THE SEBI-IBC RIFT
IBC is a consolidating act aiming to prevent delays. SEBI is a regulatory authority which was established by the SEBI act 1992 to protect the interest of investors and it has the power to encompass the stock exchange regulations.
Recently IBC and SEBI has a rift over the issue of jurisdiction. SEBI was ordered by the NCLT to de-attach the property belonging to the corporate firm which was admitted in the corporate insolvency resolution process under IBC.
As soon as SEBI came to know about this, they attached the assets of the corporate firm to compensate the investors under sections 11 and 11B of the act but in that time investors filled for the CIRP in NCLT against the company.
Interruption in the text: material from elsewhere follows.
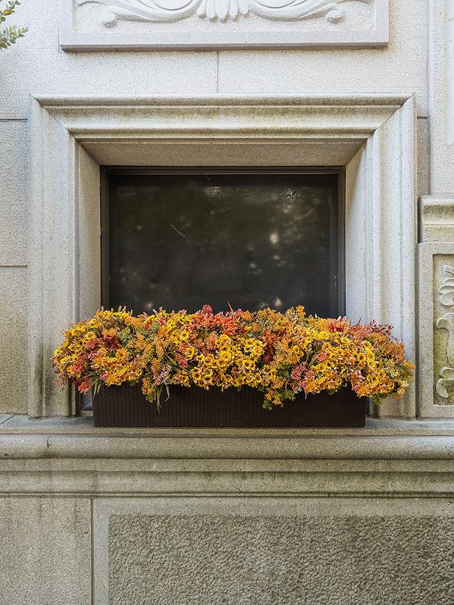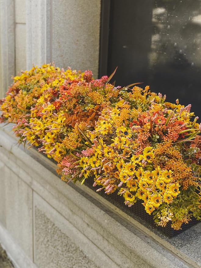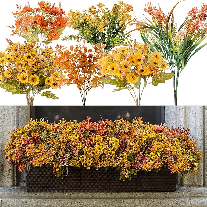 10pcs Fall Artificial Outdoor Branch with Sunflower Daisy for Indoor Outside Hanging Plants Garden Porch Window Box Home Wedding Farmhouse Décor

Layman's CIRP definition "the corporate insolvency resolution process (CIRP) is a recovery mechanism given under the IBC to the creditors when the firm becomes insolvent". Thus property attached by SEBI should be de-attached because investors have already applied for the process of CIRP to declare the firm insolvent held by NCLT.
NCLT placed stress on section 238 of IBC- “if any law became inconsistent with IBC then provisions of this code will override other laws." Therefore, NCLT held "moratorium provisions contained in section 14 of IBC will override section 28A of SEBI act which confers SEBI with the status of recovery officer empowered the regulatory body to sell the movable and immovable property of a corporate debtor for the recovery process.” And thus matter has been taken to Supreme Court by SEBI in case of SEBI V ROHIT SEHGAL
NCLAT in Shobha Limited v Pan Card Clubs Limited held section 238 would not override the provisions of other activities. However, NCLAT in Bhanu Ram v HBN Diaries And Allied Limited, took an opposite approach in the context of section 238.
Thus NCLAT should realize that these two legislations are not inconsistent with each other and section 238 should not be applied as it can only override in the case of inconsistency.